WHAT YOU HAVE TO DO
With pictures left out, only the lines from the one containing "四川科瑞德制藥股份有限公司擴" through the end of the records should be reproduced exactly, please.

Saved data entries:
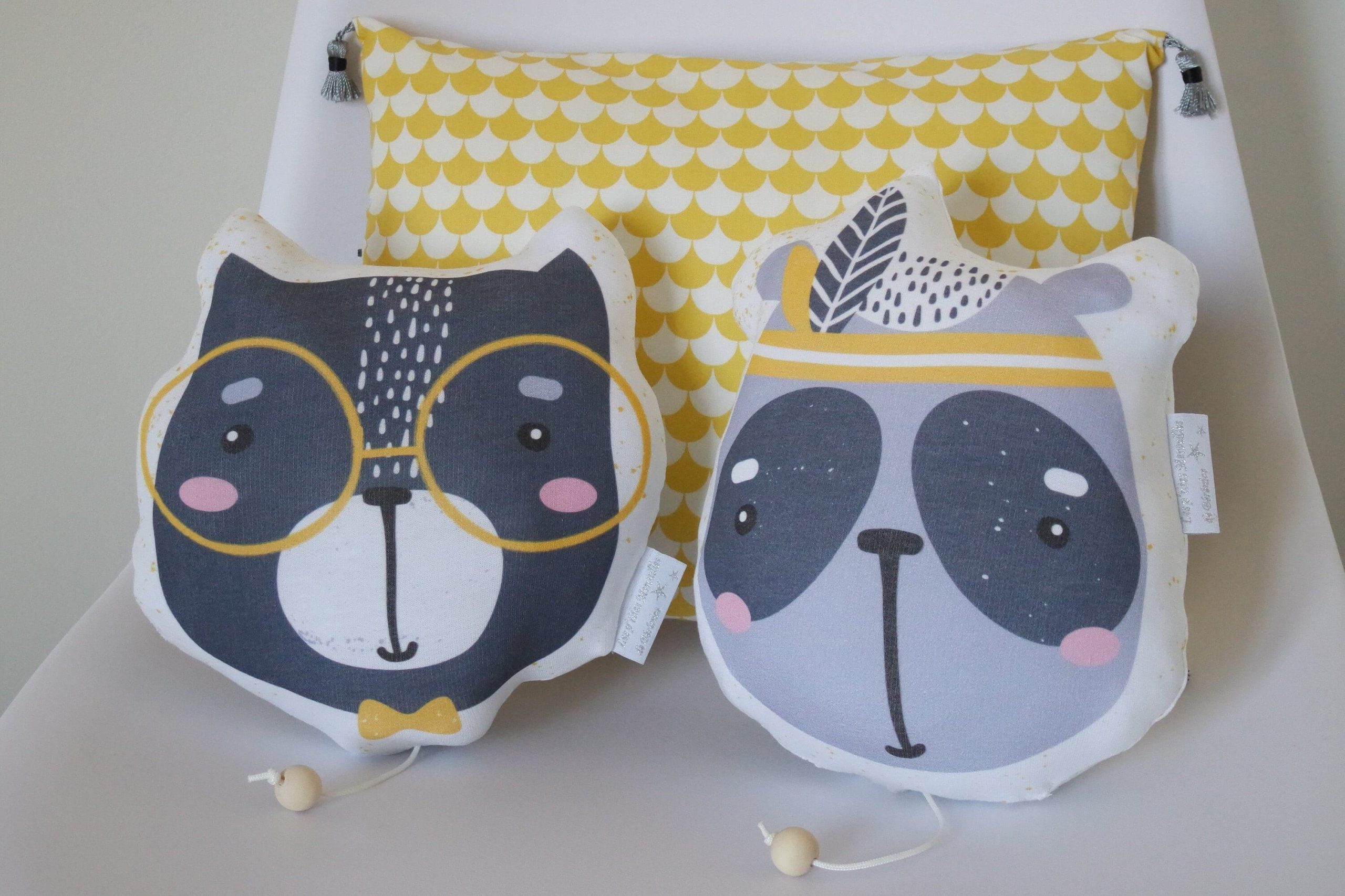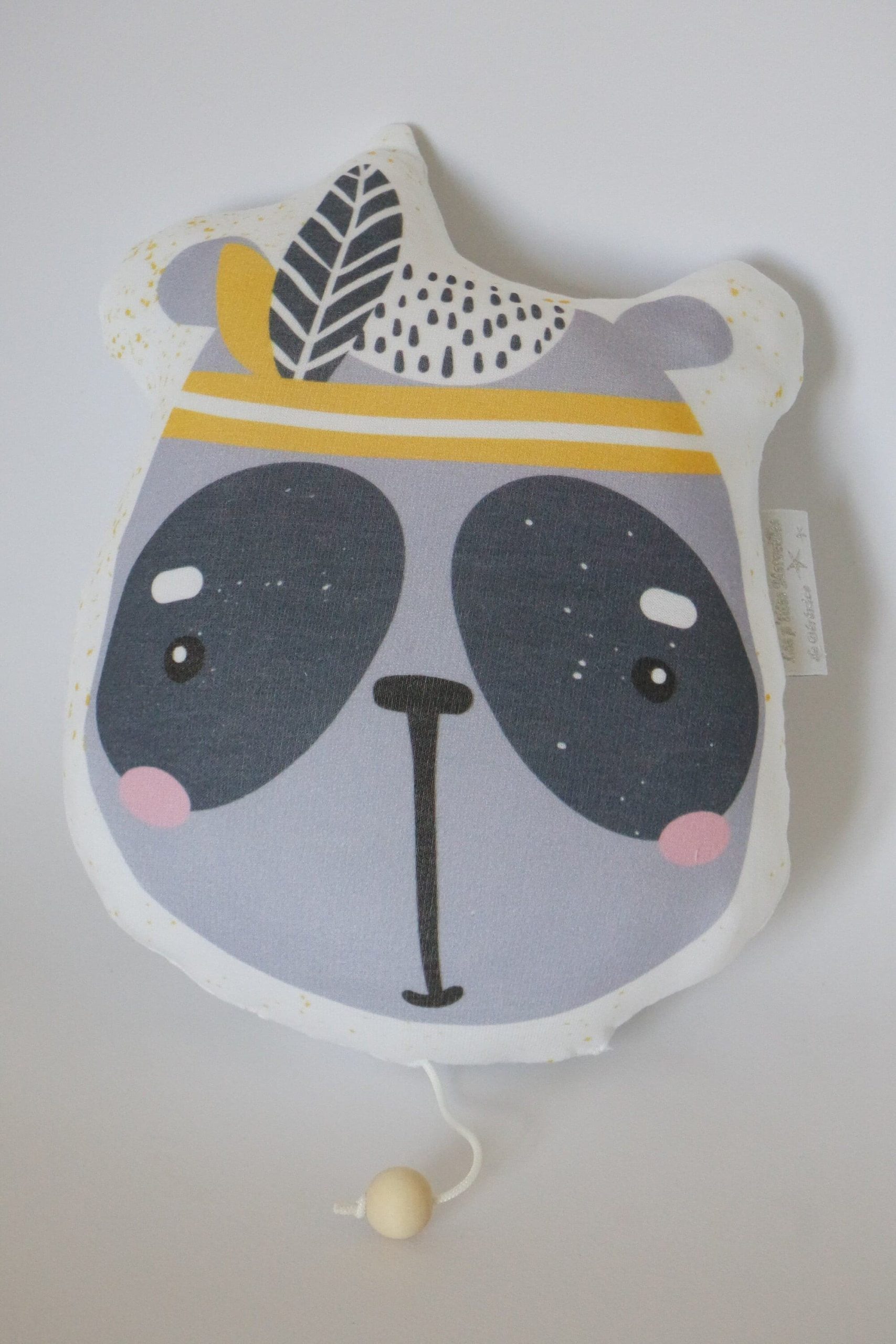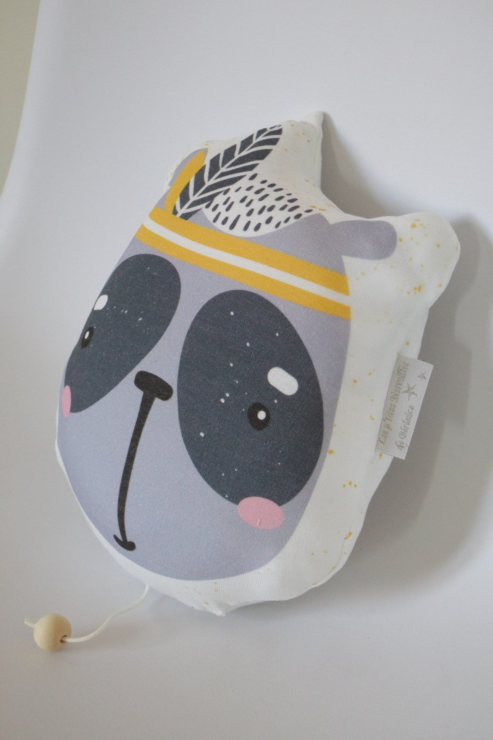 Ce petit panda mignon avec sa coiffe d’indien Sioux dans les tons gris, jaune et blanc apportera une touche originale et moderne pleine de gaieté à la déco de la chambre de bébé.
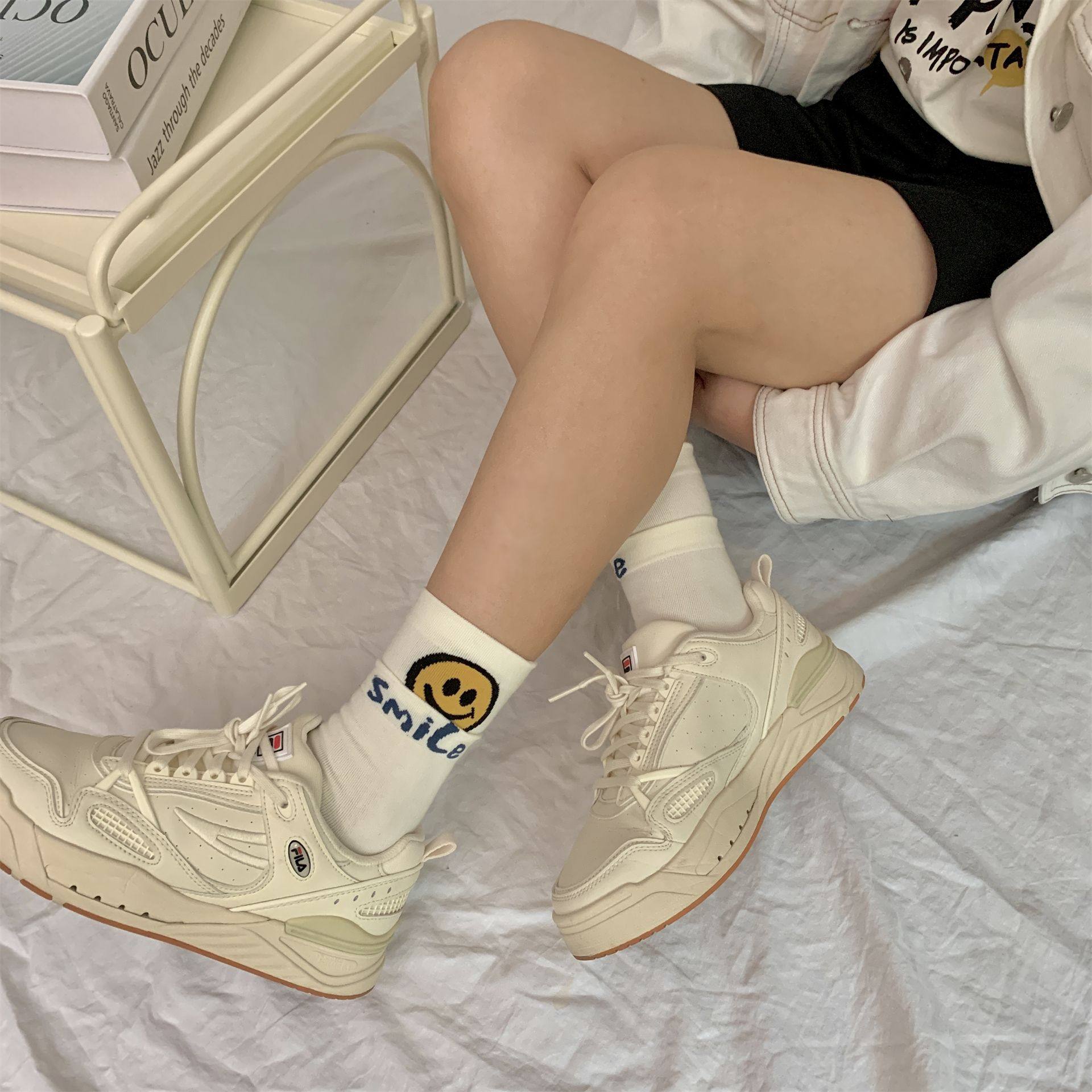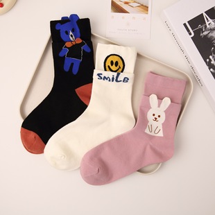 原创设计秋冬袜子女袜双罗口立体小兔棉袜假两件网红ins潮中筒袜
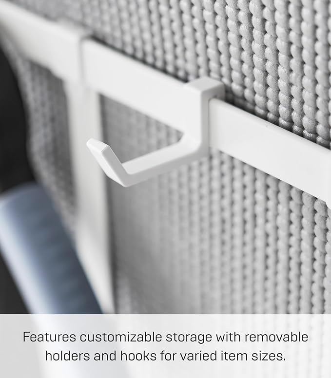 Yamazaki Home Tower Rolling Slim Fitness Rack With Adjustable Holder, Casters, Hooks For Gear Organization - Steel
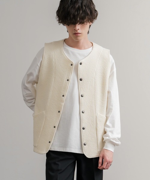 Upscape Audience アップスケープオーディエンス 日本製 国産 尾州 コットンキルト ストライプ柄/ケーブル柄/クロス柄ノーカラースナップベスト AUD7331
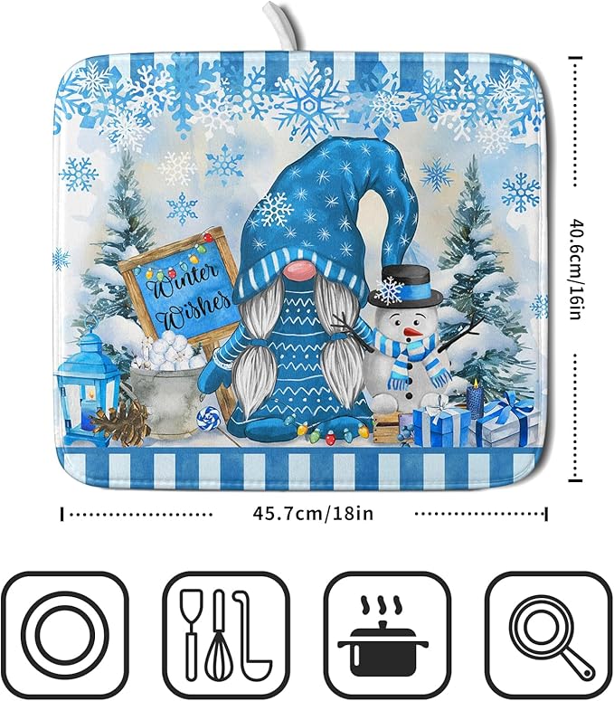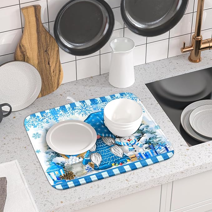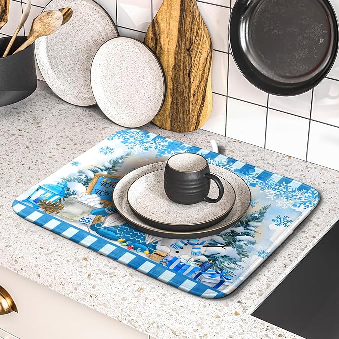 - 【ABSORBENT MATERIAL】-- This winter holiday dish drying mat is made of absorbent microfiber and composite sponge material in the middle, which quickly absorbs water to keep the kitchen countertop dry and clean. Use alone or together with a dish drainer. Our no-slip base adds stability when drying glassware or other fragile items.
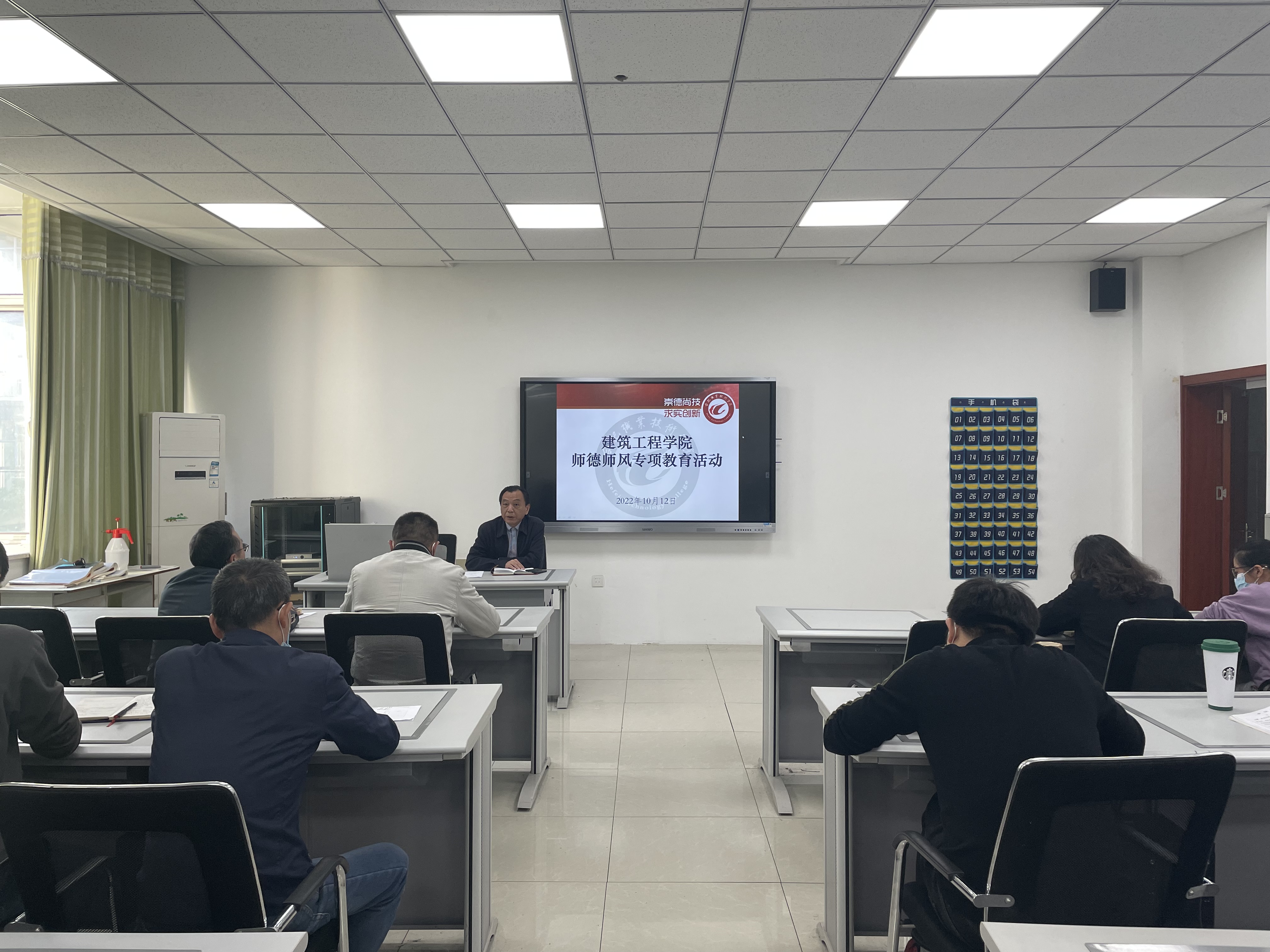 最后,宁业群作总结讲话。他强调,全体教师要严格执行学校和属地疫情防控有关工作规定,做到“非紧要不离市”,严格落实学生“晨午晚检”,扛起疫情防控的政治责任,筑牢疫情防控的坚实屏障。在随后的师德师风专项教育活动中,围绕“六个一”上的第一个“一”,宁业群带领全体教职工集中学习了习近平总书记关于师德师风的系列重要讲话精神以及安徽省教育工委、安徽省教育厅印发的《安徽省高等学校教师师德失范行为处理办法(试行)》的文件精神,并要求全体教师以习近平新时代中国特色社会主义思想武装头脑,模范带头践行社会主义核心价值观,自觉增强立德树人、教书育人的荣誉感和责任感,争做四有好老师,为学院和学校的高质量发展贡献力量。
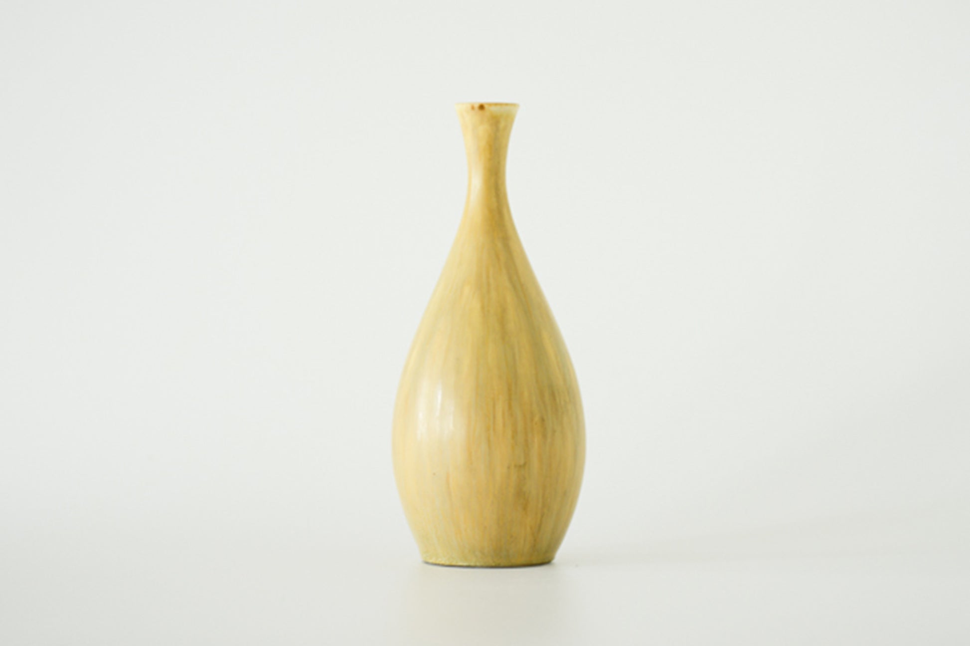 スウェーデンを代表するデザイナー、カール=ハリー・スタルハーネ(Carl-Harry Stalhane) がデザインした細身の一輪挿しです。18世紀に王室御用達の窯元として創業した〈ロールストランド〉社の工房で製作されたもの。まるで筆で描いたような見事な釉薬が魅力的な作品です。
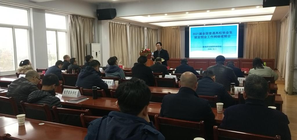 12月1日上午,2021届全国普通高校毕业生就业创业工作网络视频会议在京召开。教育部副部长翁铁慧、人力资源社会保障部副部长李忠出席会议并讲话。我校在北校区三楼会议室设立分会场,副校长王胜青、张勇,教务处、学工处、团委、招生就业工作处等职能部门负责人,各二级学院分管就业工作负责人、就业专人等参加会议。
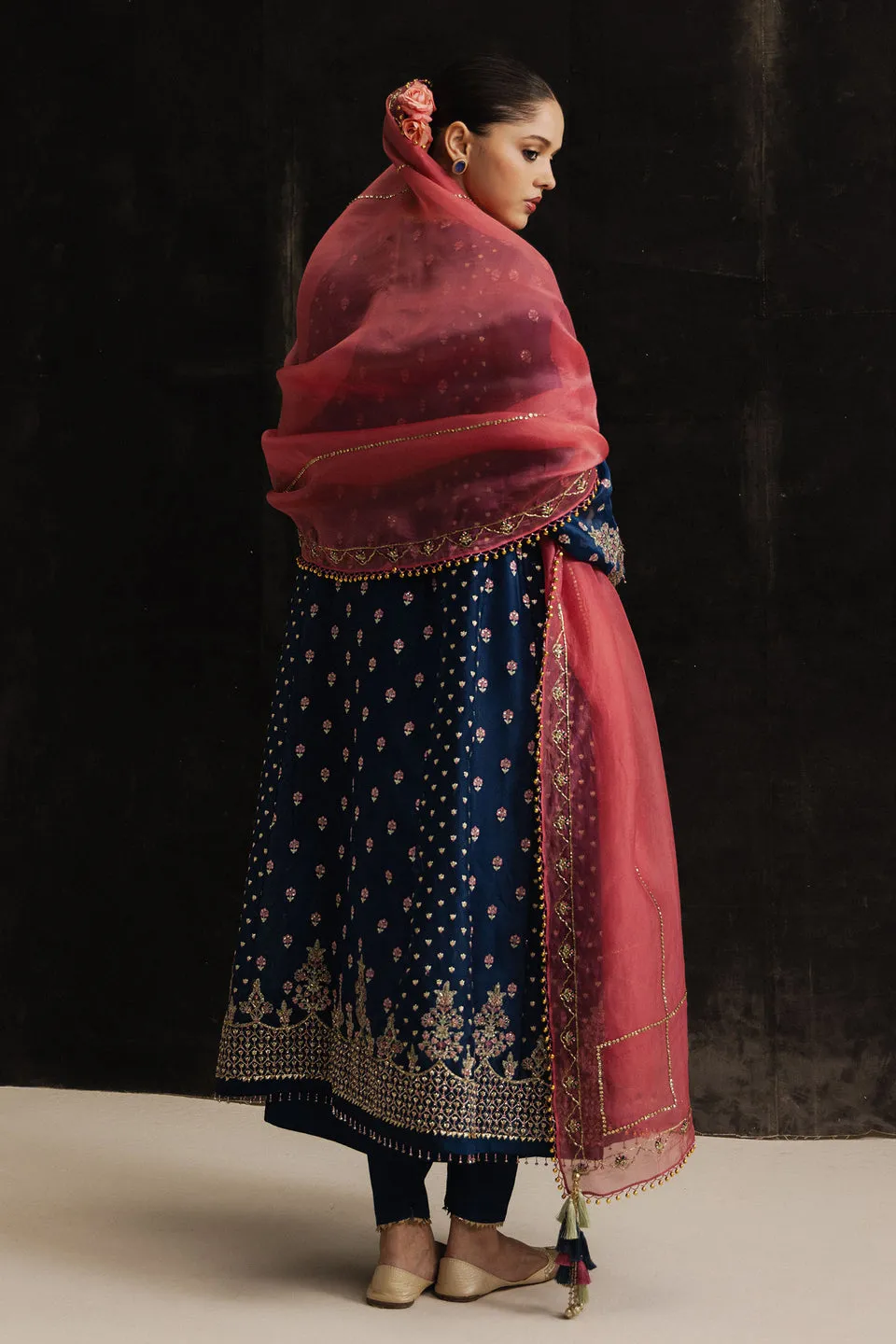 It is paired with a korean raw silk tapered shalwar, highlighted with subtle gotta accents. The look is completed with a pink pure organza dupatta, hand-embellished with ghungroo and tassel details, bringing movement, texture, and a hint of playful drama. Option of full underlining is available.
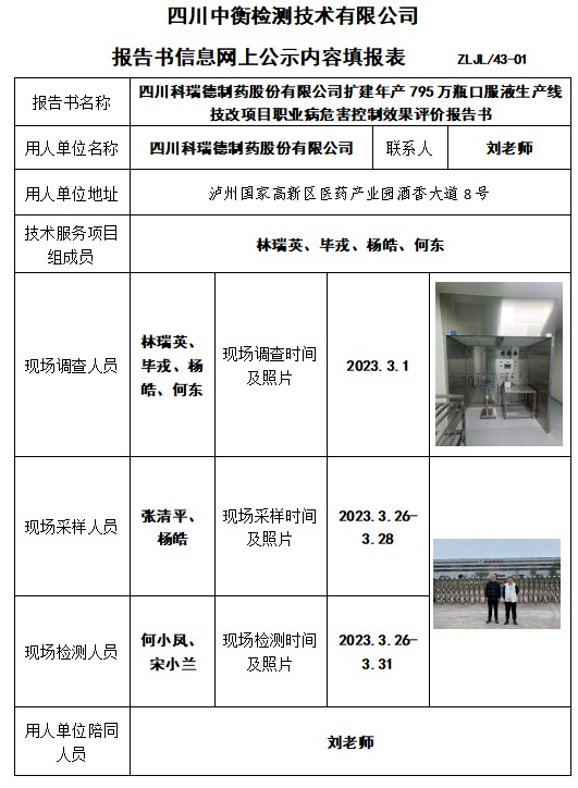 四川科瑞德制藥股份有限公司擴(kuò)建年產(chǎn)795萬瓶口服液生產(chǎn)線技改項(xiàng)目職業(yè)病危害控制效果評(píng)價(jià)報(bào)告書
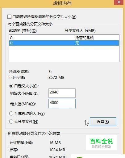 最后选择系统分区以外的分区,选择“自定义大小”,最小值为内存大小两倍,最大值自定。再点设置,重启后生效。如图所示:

ANSWER FOR THIS EXERCISE
 四川科瑞德制藥股份有限公司擴(kuò)建年產(chǎn)795萬瓶口服液生產(chǎn)線技改項(xiàng)目職業(yè)病危害控制效果評(píng)價(jià)報(bào)告書
 最后选择系统分区以外的分区,选择“自定义大小”,最小值为内存大小两倍,最大值自定。再点设置,重启后生效。如图所示:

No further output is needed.